RECORDS SUPPLIED.
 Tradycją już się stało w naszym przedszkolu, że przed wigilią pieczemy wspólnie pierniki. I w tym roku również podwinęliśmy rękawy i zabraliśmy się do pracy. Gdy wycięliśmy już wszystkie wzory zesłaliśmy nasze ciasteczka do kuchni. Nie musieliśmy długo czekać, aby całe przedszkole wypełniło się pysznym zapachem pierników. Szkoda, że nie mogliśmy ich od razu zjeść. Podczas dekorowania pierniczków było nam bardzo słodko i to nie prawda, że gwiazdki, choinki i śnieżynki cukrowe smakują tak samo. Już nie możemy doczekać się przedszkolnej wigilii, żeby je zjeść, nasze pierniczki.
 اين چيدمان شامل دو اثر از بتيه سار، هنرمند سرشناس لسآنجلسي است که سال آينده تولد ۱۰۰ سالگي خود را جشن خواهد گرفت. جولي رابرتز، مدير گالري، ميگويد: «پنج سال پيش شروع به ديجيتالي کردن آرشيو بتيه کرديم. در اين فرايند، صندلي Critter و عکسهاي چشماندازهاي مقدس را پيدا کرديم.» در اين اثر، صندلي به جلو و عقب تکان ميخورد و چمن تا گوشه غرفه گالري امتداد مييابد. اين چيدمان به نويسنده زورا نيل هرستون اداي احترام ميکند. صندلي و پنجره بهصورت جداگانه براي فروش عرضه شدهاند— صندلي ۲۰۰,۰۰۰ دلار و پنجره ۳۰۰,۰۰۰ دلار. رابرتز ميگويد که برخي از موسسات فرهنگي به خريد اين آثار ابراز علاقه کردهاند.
--
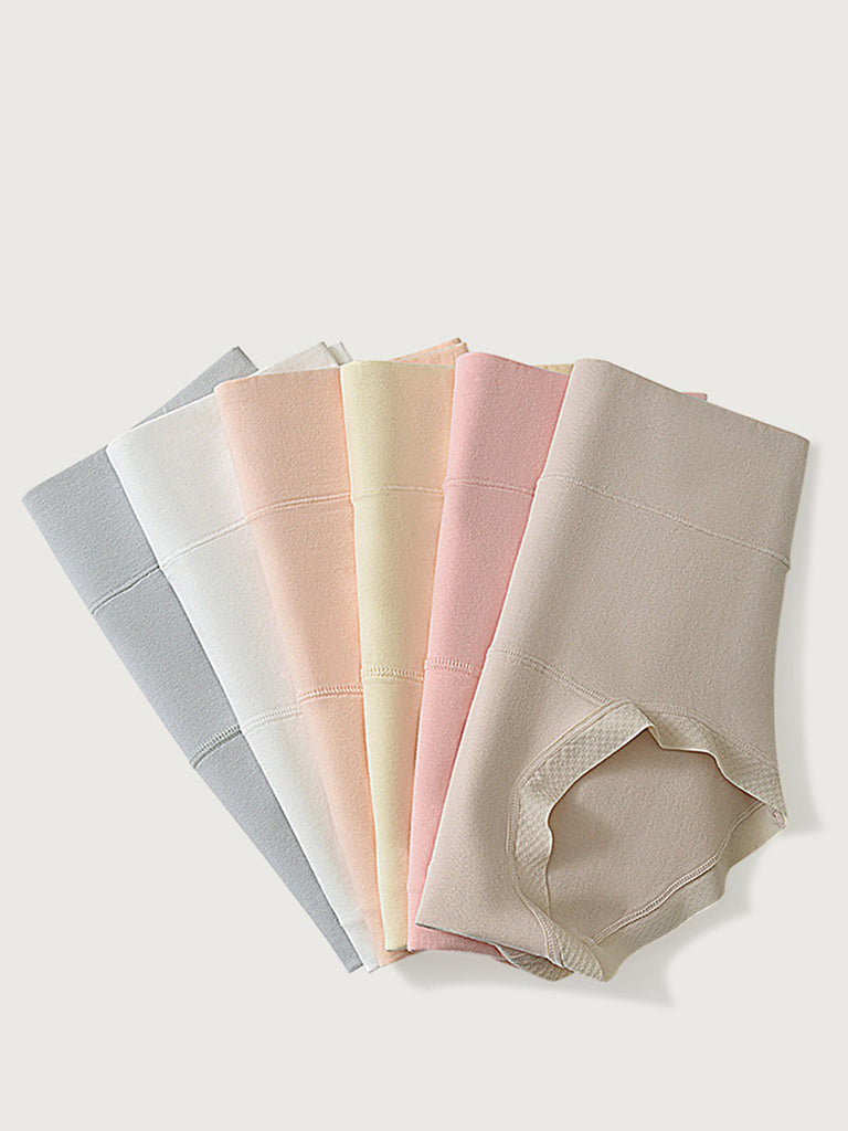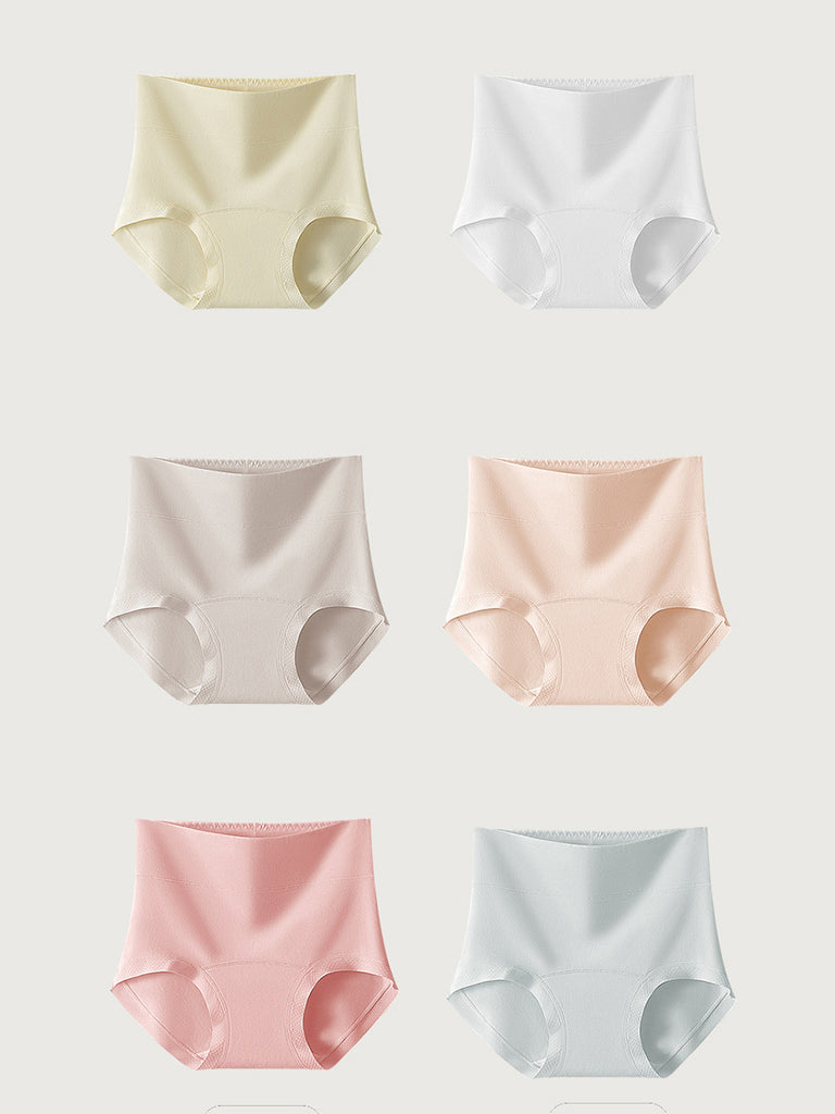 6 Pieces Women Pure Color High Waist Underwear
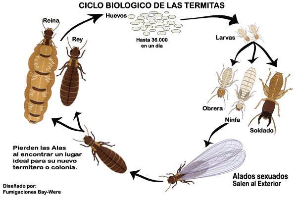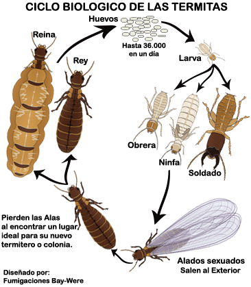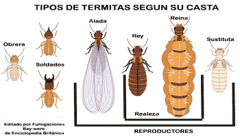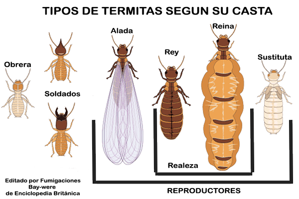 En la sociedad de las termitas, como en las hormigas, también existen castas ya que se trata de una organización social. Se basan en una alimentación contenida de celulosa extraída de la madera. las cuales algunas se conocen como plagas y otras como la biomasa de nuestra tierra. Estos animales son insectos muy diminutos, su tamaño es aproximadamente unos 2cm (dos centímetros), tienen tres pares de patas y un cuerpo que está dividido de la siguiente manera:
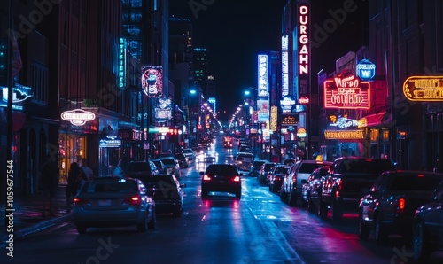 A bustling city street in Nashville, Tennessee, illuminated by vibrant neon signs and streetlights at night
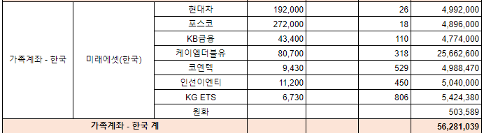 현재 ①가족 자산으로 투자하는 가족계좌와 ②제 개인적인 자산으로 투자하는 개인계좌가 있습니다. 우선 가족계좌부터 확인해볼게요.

EXERCISE BRIEF. Copy only what lies between the line with "6 Pieces Women" and the line with "현재 ①가족 자산으로", those two lines included, exactly as given above; pictures stay out.

ANSWER SECTION.
 6 Pieces Women Pure Color High Waist Underwear
 En la sociedad de las termitas, como en las hormigas, también existen castas ya que se trata de una organización social. Se basan en una alimentación contenida de celulosa extraída de la madera. las cuales algunas se conocen como plagas y otras como la biomasa de nuestra tierra. Estos animales son insectos muy diminutos, su tamaño es aproximadamente unos 2cm (dos centímetros), tienen tres pares de patas y un cuerpo que está dividido de la siguiente manera:
 A bustling city street in Nashville, Tennessee, illuminated by vibrant neon signs and streetlights at night
 현재 ①가족 자산으로 투자하는 가족계좌와 ②제 개인적인 자산으로 투자하는 개인계좌가 있습니다. 우선 가족계좌부터 확인해볼게요.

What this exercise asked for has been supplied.